**What you have to do**: Using the data below, return word for word every line from the one holding "The location is" down to the one holding "12月11日至12日,由市委". Leave pictures out.
Segment Start: Records for this exercise
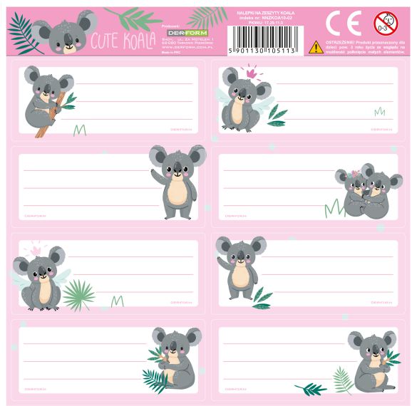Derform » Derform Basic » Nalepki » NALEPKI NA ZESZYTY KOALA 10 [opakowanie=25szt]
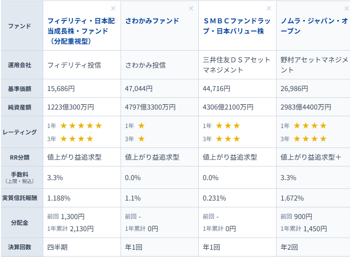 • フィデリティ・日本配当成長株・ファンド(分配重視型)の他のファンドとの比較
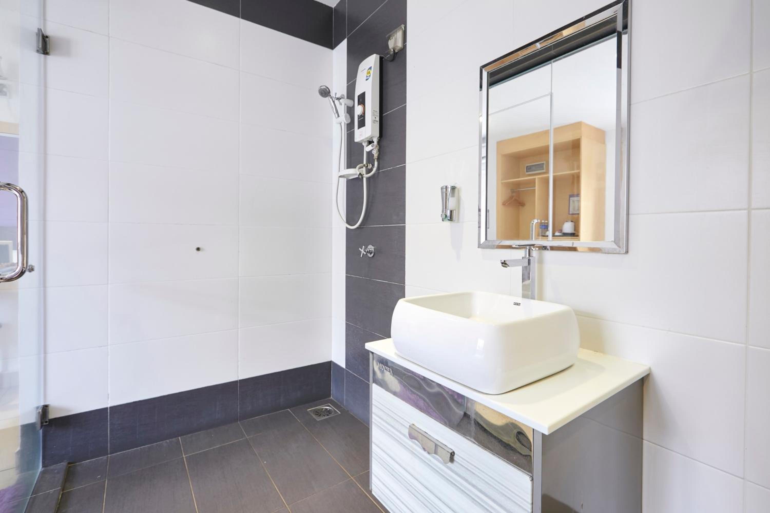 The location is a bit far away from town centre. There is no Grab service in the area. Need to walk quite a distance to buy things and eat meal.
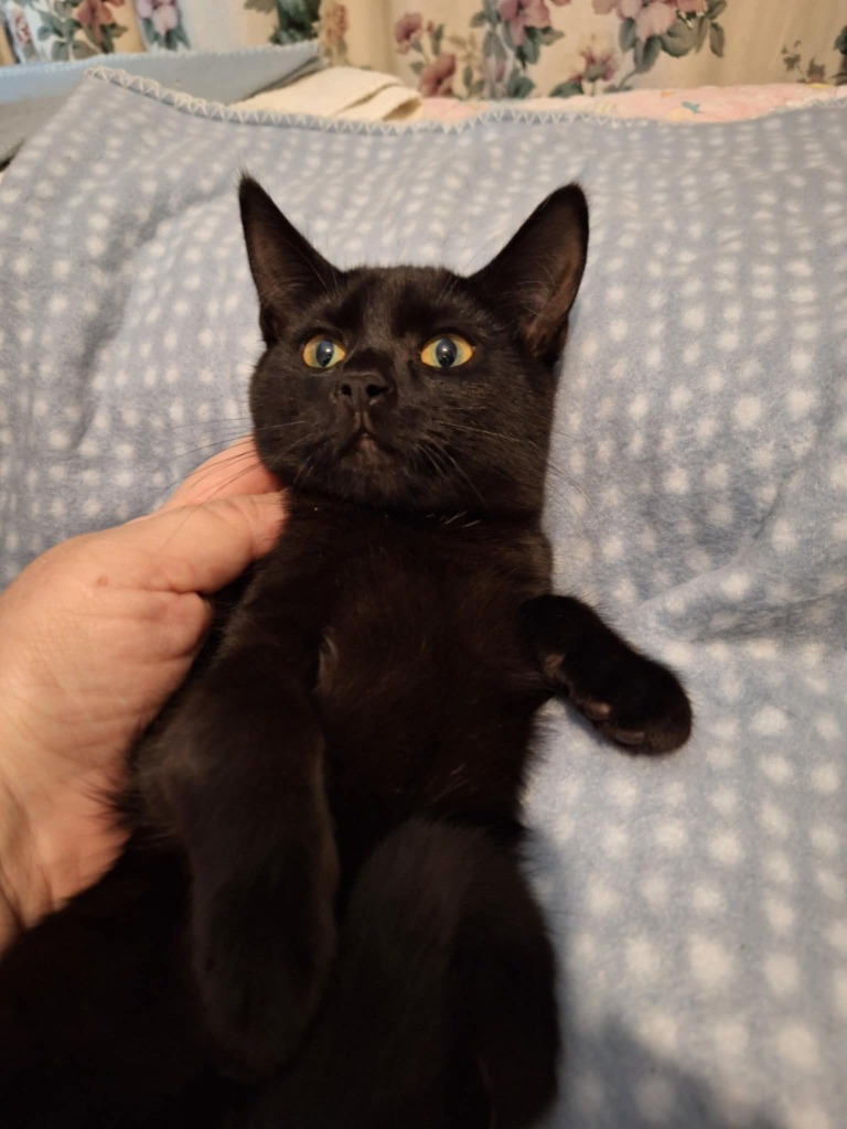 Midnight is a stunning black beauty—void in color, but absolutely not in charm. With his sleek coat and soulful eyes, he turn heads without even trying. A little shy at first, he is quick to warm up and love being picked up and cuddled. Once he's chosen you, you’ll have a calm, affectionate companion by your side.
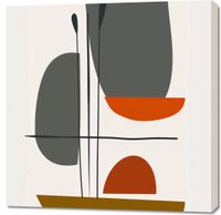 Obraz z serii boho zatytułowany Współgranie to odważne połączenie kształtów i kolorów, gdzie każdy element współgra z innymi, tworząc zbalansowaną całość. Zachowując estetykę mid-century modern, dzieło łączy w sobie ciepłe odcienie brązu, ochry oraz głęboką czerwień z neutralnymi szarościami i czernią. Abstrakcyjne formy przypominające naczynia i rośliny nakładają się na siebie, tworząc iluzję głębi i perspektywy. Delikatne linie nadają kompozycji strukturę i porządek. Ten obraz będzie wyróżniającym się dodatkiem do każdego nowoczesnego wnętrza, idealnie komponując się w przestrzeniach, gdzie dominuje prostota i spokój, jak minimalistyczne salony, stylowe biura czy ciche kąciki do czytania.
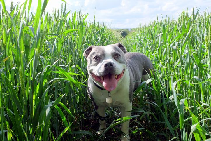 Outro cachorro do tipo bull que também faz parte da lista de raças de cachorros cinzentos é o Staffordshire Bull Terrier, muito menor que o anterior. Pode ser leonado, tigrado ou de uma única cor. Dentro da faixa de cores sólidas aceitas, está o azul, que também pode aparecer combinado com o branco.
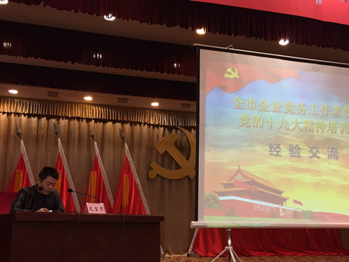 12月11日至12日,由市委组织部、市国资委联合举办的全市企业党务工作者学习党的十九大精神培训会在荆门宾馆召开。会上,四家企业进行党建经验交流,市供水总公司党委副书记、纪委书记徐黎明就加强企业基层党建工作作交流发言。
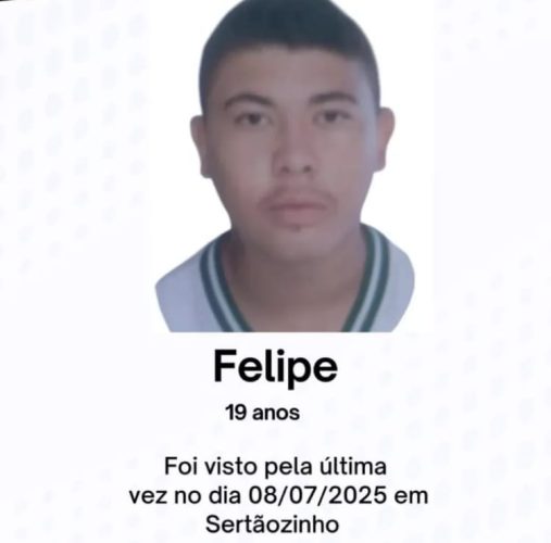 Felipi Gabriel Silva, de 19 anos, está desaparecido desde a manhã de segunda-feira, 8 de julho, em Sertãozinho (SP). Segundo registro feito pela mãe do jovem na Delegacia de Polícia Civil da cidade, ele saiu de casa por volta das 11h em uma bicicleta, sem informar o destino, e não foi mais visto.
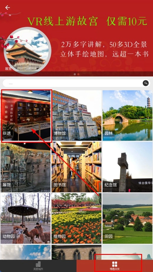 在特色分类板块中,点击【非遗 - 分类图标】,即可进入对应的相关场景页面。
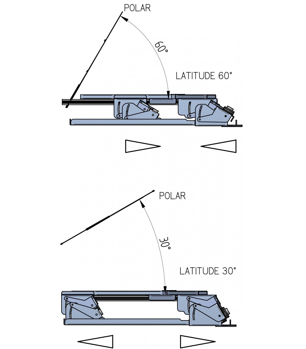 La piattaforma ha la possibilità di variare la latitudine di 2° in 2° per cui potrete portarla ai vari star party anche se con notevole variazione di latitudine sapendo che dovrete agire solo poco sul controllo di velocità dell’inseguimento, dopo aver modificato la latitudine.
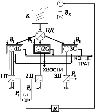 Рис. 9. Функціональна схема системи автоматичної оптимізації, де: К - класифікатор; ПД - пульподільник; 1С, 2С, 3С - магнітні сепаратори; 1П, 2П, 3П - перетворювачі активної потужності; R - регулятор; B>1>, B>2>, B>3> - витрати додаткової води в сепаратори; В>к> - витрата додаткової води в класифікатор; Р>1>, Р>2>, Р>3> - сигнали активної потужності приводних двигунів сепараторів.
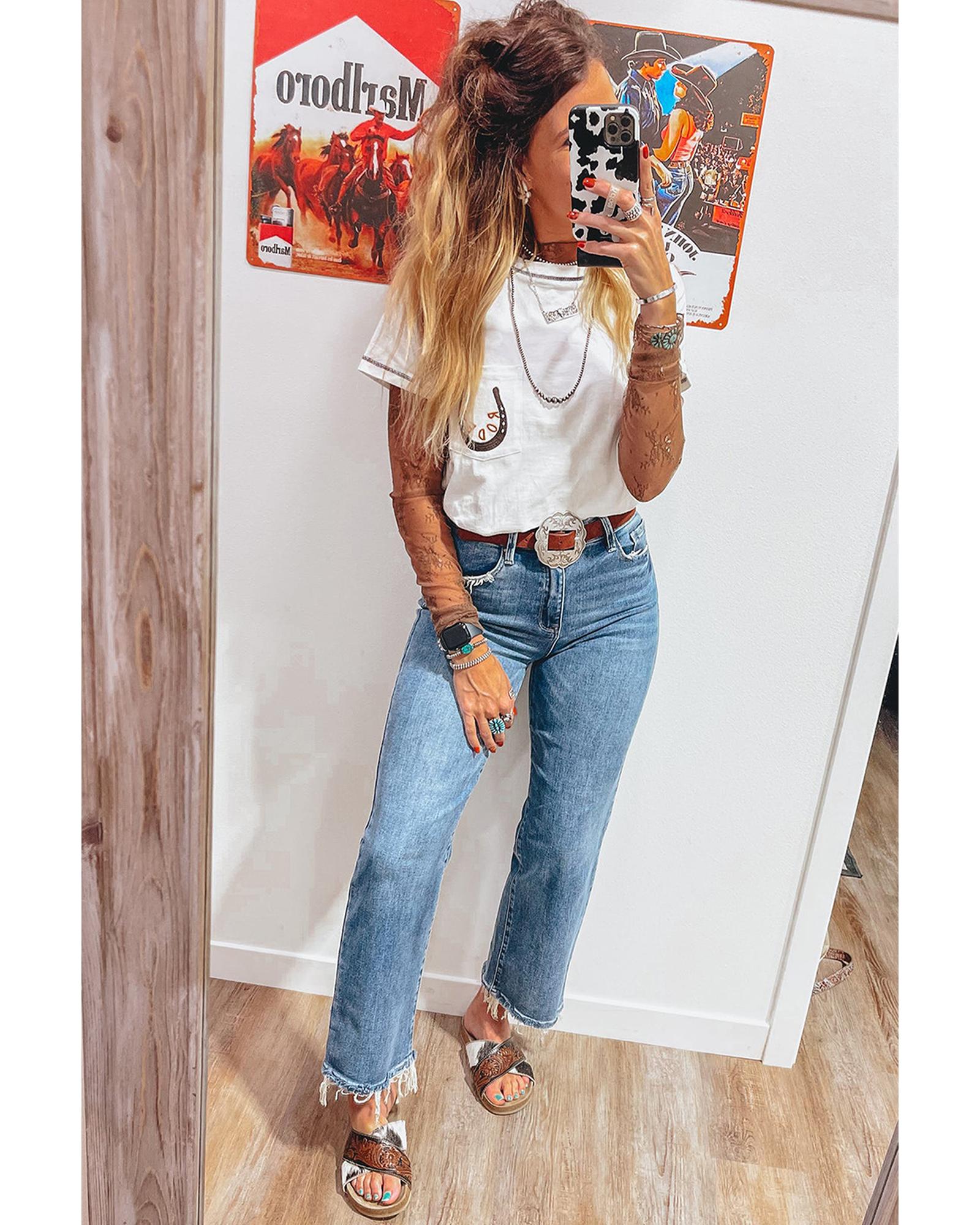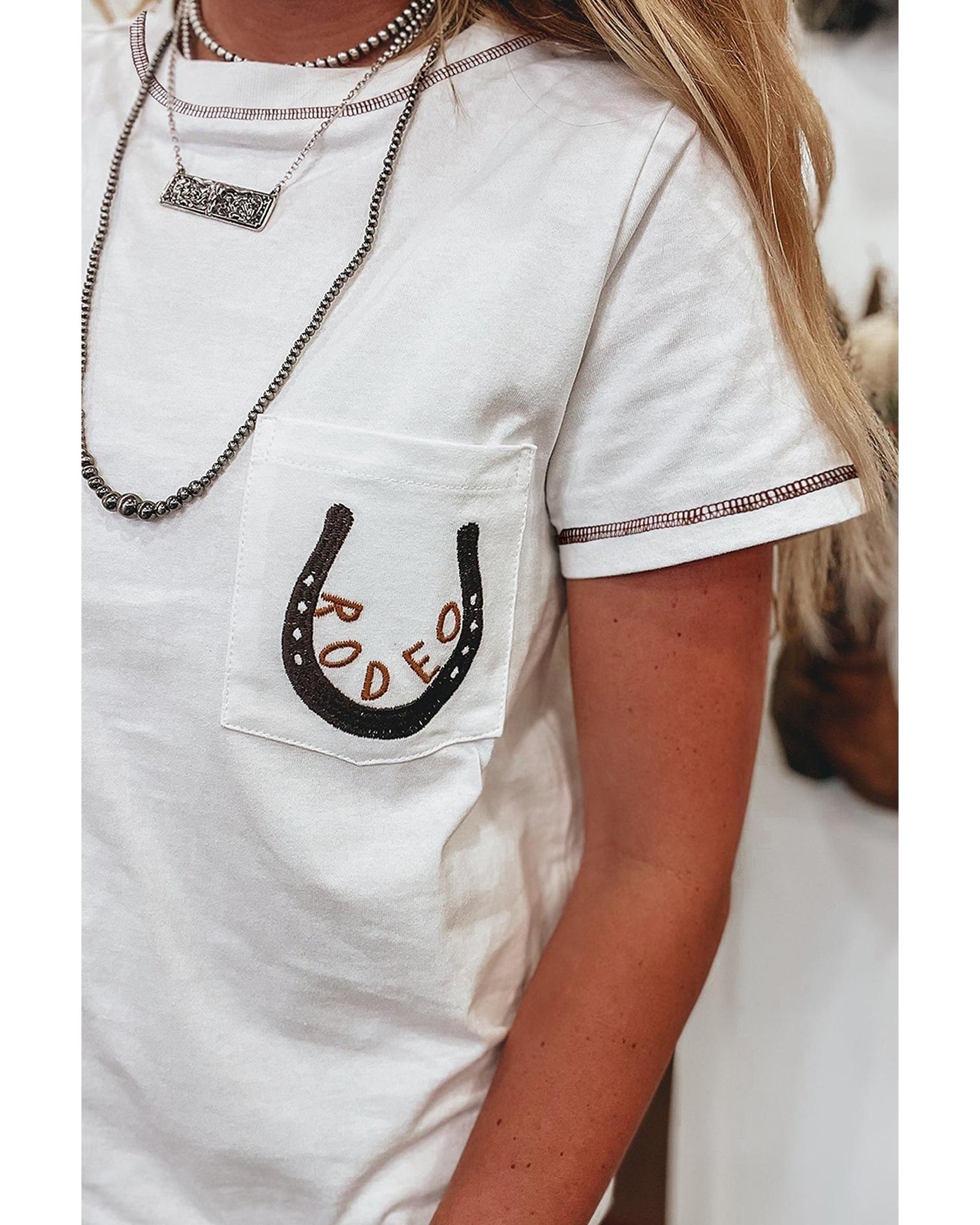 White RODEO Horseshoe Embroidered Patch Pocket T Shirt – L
Segment End: Records for this exercise
**Exercise answer**:
 The location is a bit far away from town centre. There is no Grab service in the area. Need to walk quite a distance to buy things and eat meal.
 Midnight is a stunning black beauty—void in color, but absolutely not in charm. With his sleek coat and soulful eyes, he turn heads without even trying. A little shy at first, he is quick to warm up and love being picked up and cuddled. Once he's chosen you, you’ll have a calm, affectionate companion by your side.
 Obraz z serii boho zatytułowany Współgranie to odważne połączenie kształtów i kolorów, gdzie każdy element współgra z innymi, tworząc zbalansowaną całość. Zachowując estetykę mid-century modern, dzieło łączy w sobie ciepłe odcienie brązu, ochry oraz głęboką czerwień z neutralnymi szarościami i czernią. Abstrakcyjne formy przypominające naczynia i rośliny nakładają się na siebie, tworząc iluzję głębi i perspektywy. Delikatne linie nadają kompozycji strukturę i porządek. Ten obraz będzie wyróżniającym się dodatkiem do każdego nowoczesnego wnętrza, idealnie komponując się w przestrzeniach, gdzie dominuje prostota i spokój, jak minimalistyczne salony, stylowe biura czy ciche kąciki do czytania.
 Outro cachorro do tipo bull que também faz parte da lista de raças de cachorros cinzentos é o Staffordshire Bull Terrier, muito menor que o anterior. Pode ser leonado, tigrado ou de uma única cor. Dentro da faixa de cores sólidas aceitas, está o azul, que também pode aparecer combinado com o branco.
 12月11日至12日,由市委组织部、市国资委联合举办的全市企业党务工作者学习党的十九大精神培训会在荆门宾馆召开。会上,四家企业进行党建经验交流,市供水总公司党委副书记、纪委书记徐黎明就加强企业基层党建工作作交流发言。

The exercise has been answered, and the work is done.